Speaking as a homeschooling mom, it can be hard to admit when my kids need something that I cannot provide them. But that has been the case in the past at times and I am certain that over the years, it will continue to be an issue that pops up.
I am not strong in math and struggle to even have the confidence to teach our kids beyond the lower grade levels. When our older boys got to junior high, we enrolled them in math summer school which improved their abilities and their confidence and took a burden off me. I felt much better knowing that they were grasping the concepts and had a solid foundation in math to build on.
A few of our kids have really struggled in learning to read. Two in particular were not making any headway no matter what methods I tried. Yes, there were special needs and considerations for both of them, but even keeping that in mind, I began to feel like I was failing them. If there weren’t the special considerations, I would have been fine with allowing them to come to reading at their own pace, but I knew that would not be possible for these two without some heavy-duty help.
Last spring in baseball, Snuggle Puppy could not read his own name off the roster in front of his team. He was embarrassed but I’m sure no more than me. My husband gently (and then not so gently) suggested that we look into tutoring for the two kids and at first, I was resistant. At one point, I flat out refused.
As the homeschool mom, it seemed that accessing outside help would be admitting that I had failed. I had tried so hard and I had failed. I was ashamed to admit that I could not do this thing that should be fairly simple…teaching my child to read. I had taught my older boys to read. Maybe if I just tried harder or longer or smarter. Maybe if I found a new curriculum that I hadn’t yet tried. Maybe if I prayed harder…
I can look back now and admit how hard it was for me to come to a place where I acknowledged that I could not do it on my own. It hurt.
I had to do what was best for my kids though. It turned out that what was best for them was to bring in some professionals who specialize in reading. Both kids began their tutoring in the summer and they “graduated” this week. The difference the program made was remarkable and now they are both at a level that I can build on at home. Miss Optimism is reading, really reading and Snuggle Puppy is at the beginning stages of reading. I am proud of both of them and so glad that I got out of their way so that they could succeed. My pride had been holding them back.
If you are at a place where you have tried different methods of teaching with a particular child and nothing seems to be helping, do not feel like a failure. You may need to prayerfully consider accessing outside help. This help may come in the form of a tutor, a grandparent or neighbour who has a particular expertise, or even enrolling them in a supplemental class.

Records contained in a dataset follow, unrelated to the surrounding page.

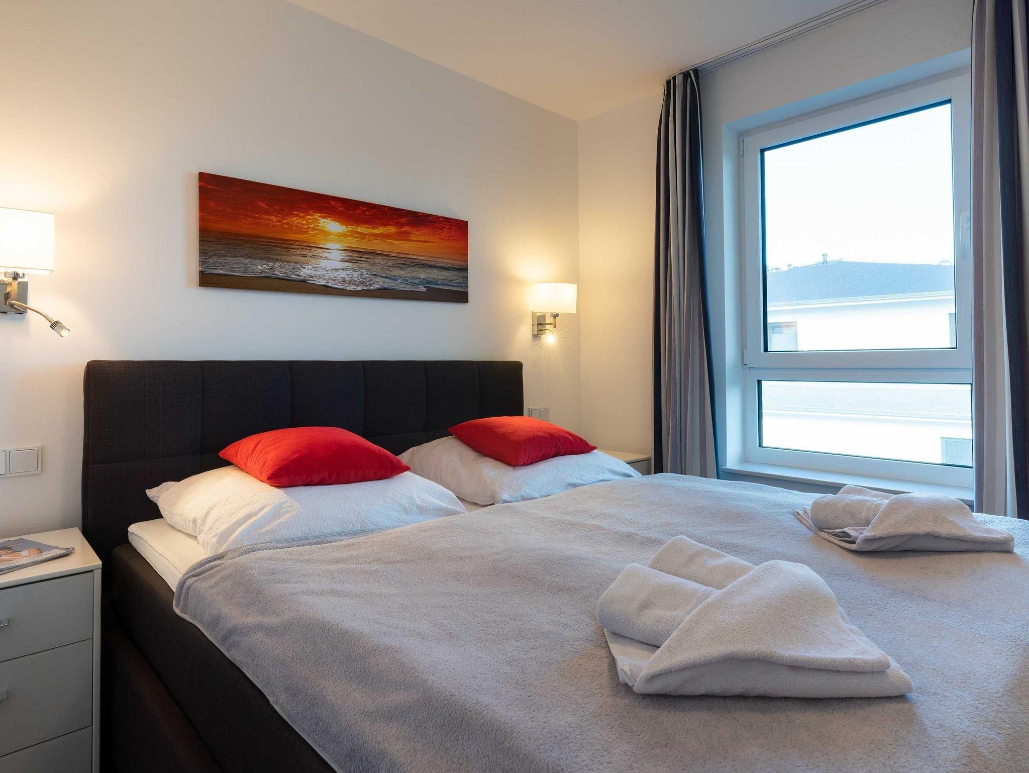 Diese lichtdurchflutete, helle 4-Zimmer-Wohnung im obersten Geschoss von Haus 2 (Aufzug vorhanden) mit Platz für maximal 6 Personen verfügt über eine Wohnfläche von 94 m² und hat 3 Schlafzimmer sowie 2 voll ausgestattete Duschbäder. Die große Sonnenterrasse mit 17 m² liegt in idealer Süd-Ausrichtung. Die Wohnung ist modern eingerichtet mit offenem Wohn-Essbereich, großem Esstisch, Ledersofa sowie Flat-TV (inkl. Sky-Abo). Die hochwertig ausgestattete Küche, offen zum Wohnbereich, lässt keine Wünsche offen. Erholsamer Schlaf in den beiden Schlafzimmern mit Boxspringbetten und Flat-TV ist garantiert. Im dritten Schlafzimmer befindet sich ein bequemes Schlafsofa (Liegefläche: 1,60 x 2,00 m), Schreibtisch und ein Flat-TV. Auf dem großen, überdachten Sonnenbalkon mit Essgruppe und zwei Relax-Sesseln, Fußhockern sowie einem Sonnenschirm können Sie die Seele baumeln lassen.
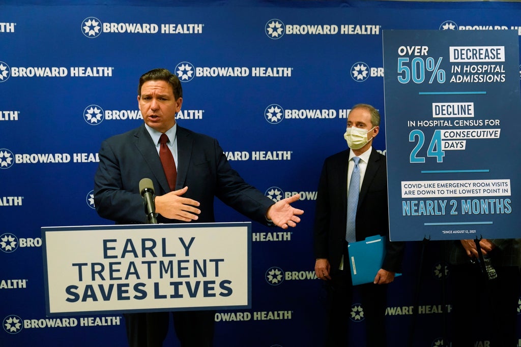 Gov. Ron DeSantis spoke somberly when asked about surpassing 50,000 COVID-19 deaths during a Fort Lauderdale news conference promoting the use of monoclonal antibodies, a treatment for people infected with the disease that reduces death and hospitalization if given early.
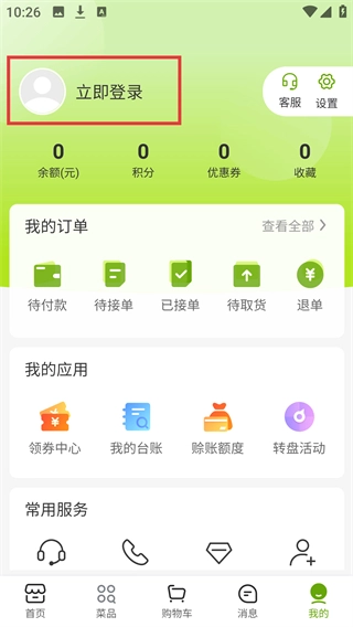 2、进入【我的】页面后,点击顶部的【立即登录】按钮,可进入登录相关操作界面。
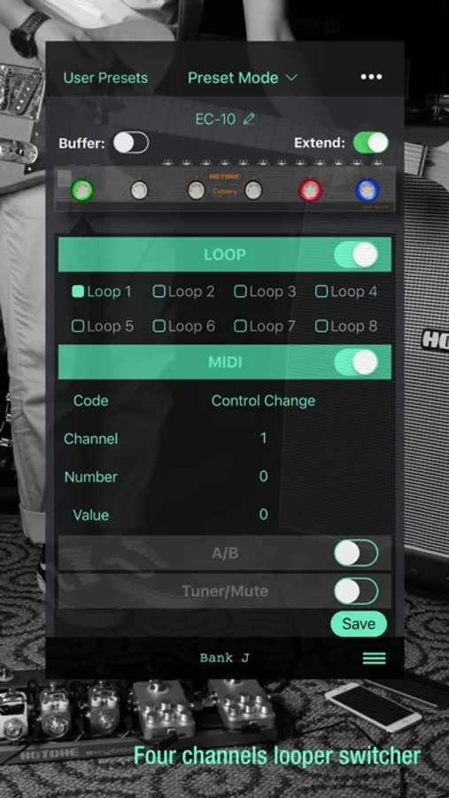 This app lets you set up and manage every aspect of your Cybery. You can: turn the built-in buffer on/off, switch between Direct/Preset modes, edit footswitch functions, expand hardware loops (another Cybery is needed) and update firmware. You can also save all your settings to a user preset so you won’t forget them.
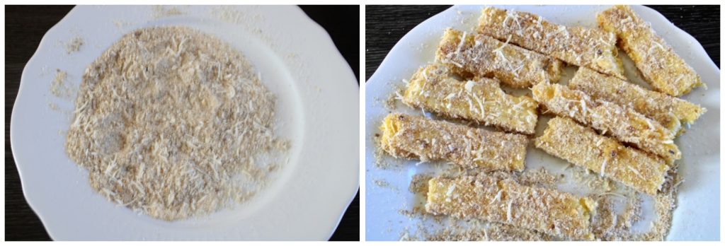 Meanwhile, in another plate, put the breadcrumbs and 2 tablespoons of grated Parmesan; blend well, then coat the sticks thoroughly in the breadcrumbs.
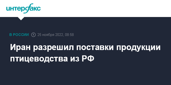 Москва. 25 ноября. INTERFAX.RU - Иран разрешил поставки птицеводческой продукции из РФ, сообщает Россельхознадзор.
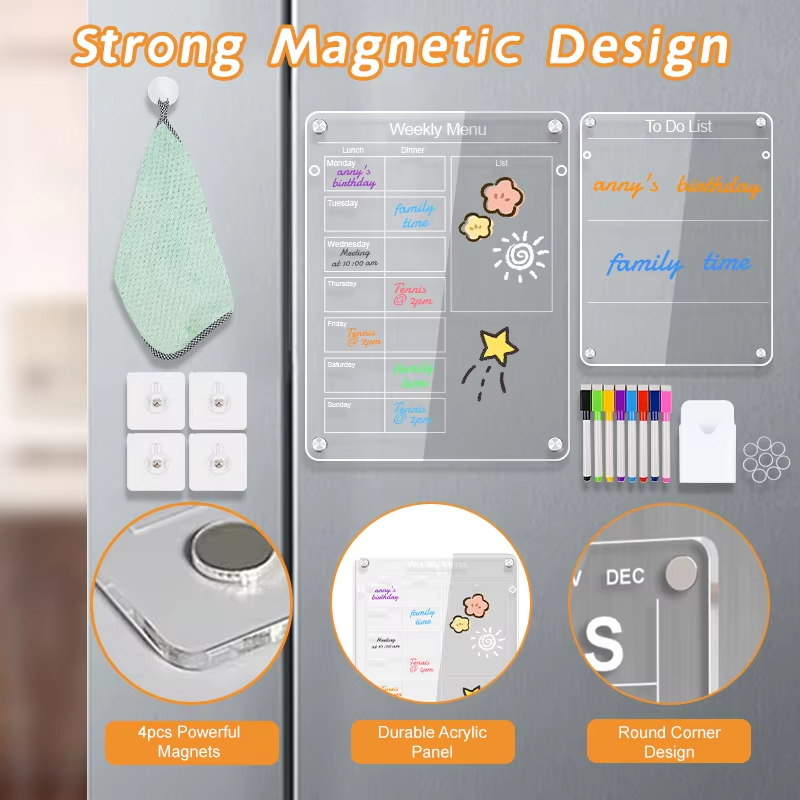 ● Vår magnetiska akryl-whiteboard kan anpassa utskrifter och storlek enligt din idé.
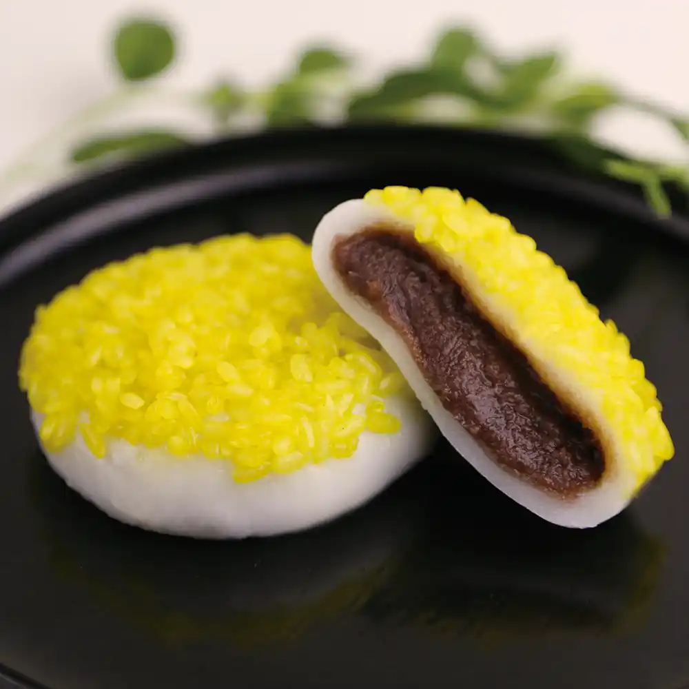 「柚子もなか」柚子の実をかたどった最中種に、白餡と柚子ジャムをブレンドした特製の柚子あんをたっぷりと詰めた、香り高い最中。 |
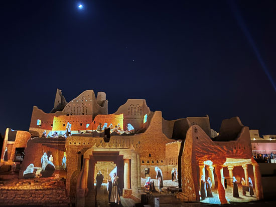 افتراضية لقمة قادة مجموعة العشرين، والتي عرضت على جدران حي الطريف في الدرعية.
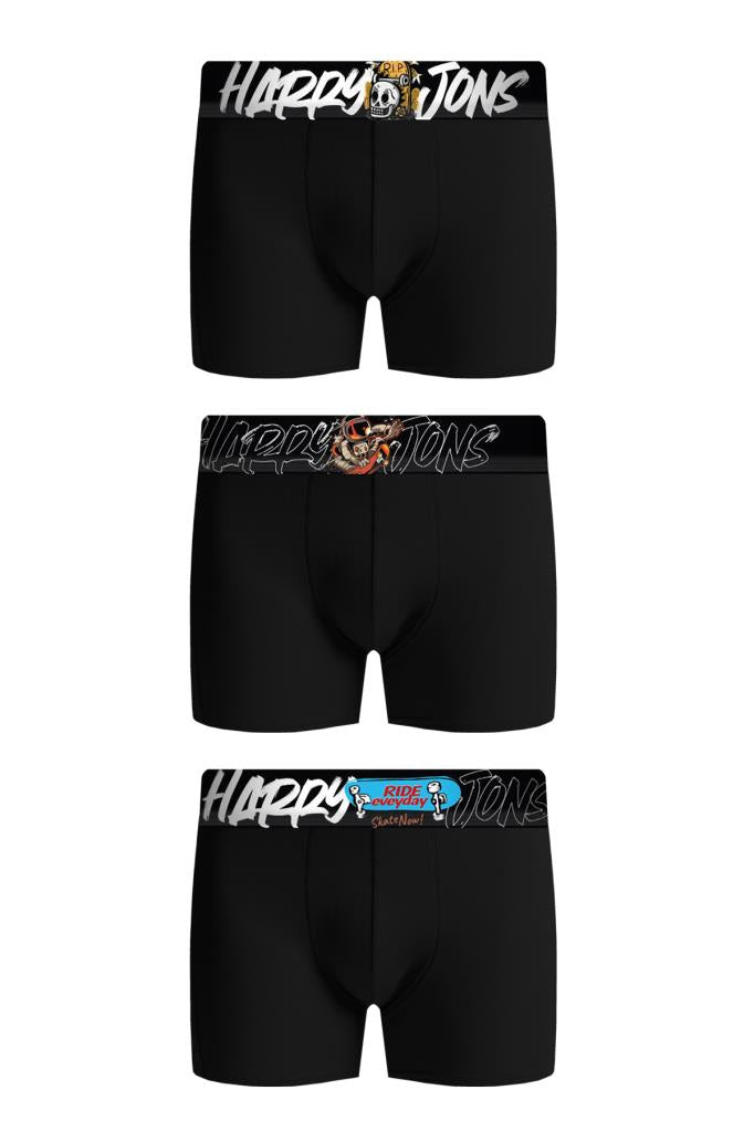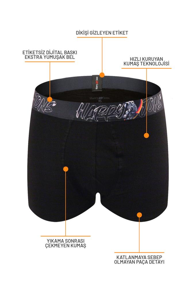 Harry Jons Skate Premium Kutulu 3 Adet Erkek Boxer Hediyelik Kutu, %95 pamuk ve %5 elastan malzemeden üretilmiştir. 3 boxerın tamamı siyah renklidir ve S, M, L, XL ve XXL olmak üzere beş farklı beden seçeneği bulunmaktadır.
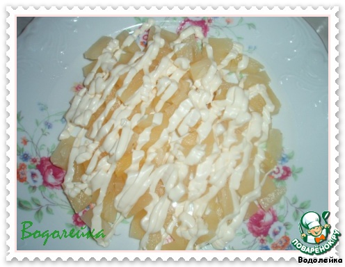 4 слой - натертый на мелкую терку сыр. Этот слой промазать тонким слоем майонеза (можно, конечно, этого и не делать, но... сыр имеет такое свойство как обветривание, и после салат смотрится не очень красиво)
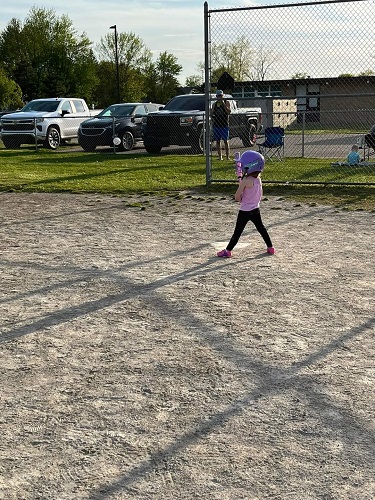 Every kid gets to go to first base and advance a base with each batter. When the team’s last batter comes up and hits, everyone runs home.
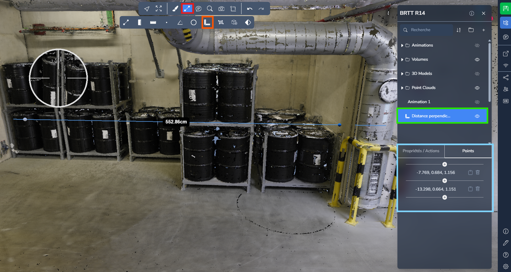 Mätningen punkt låter dig placera en enskild punkt i scenen och hämta dess exakta koordinater. Det här verktyget är särskilt användbart i georefererade projekt där exakt positionsinformation krävs.
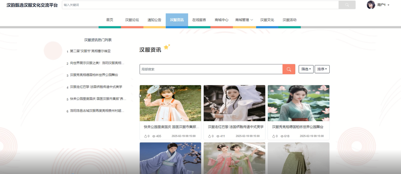 用户体验提升:现代用户对信息获取和社交互动有着更高的要求。“汉韵甄选”平台通过先进的前端技术(如Vue.js)和友好的用户界面设计,提供了一个流畅、便捷的使用体验。无论是注册登录、浏览资讯、参与讨论还是购买商品,用户都能享受到高效、直观的操作流程,增强了用户的粘性和满意度。
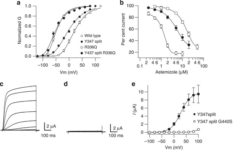 Voltage-dependent gating of KCNH potassium channels lacking a covalent link between voltage-sensing and pore domains.

There is nothing shameful about being able to admit when someone or something else might be a better fit for teaching your child something. There is however, something shameful about allowing ourselves to be so concerned about our failings as a homeschooler or as a parent that we cause our children to fail. I’m glad that I was finally able to allow my kids access to what they needed.
For me it was hard to give up control & let someone else help. But hubby’s are good to remind us of what is best for our kids. Mine has done the same thing over the years.
“I got out of their way”
Oh yes, isn’t that the truth! Pride gets in my way oh too often!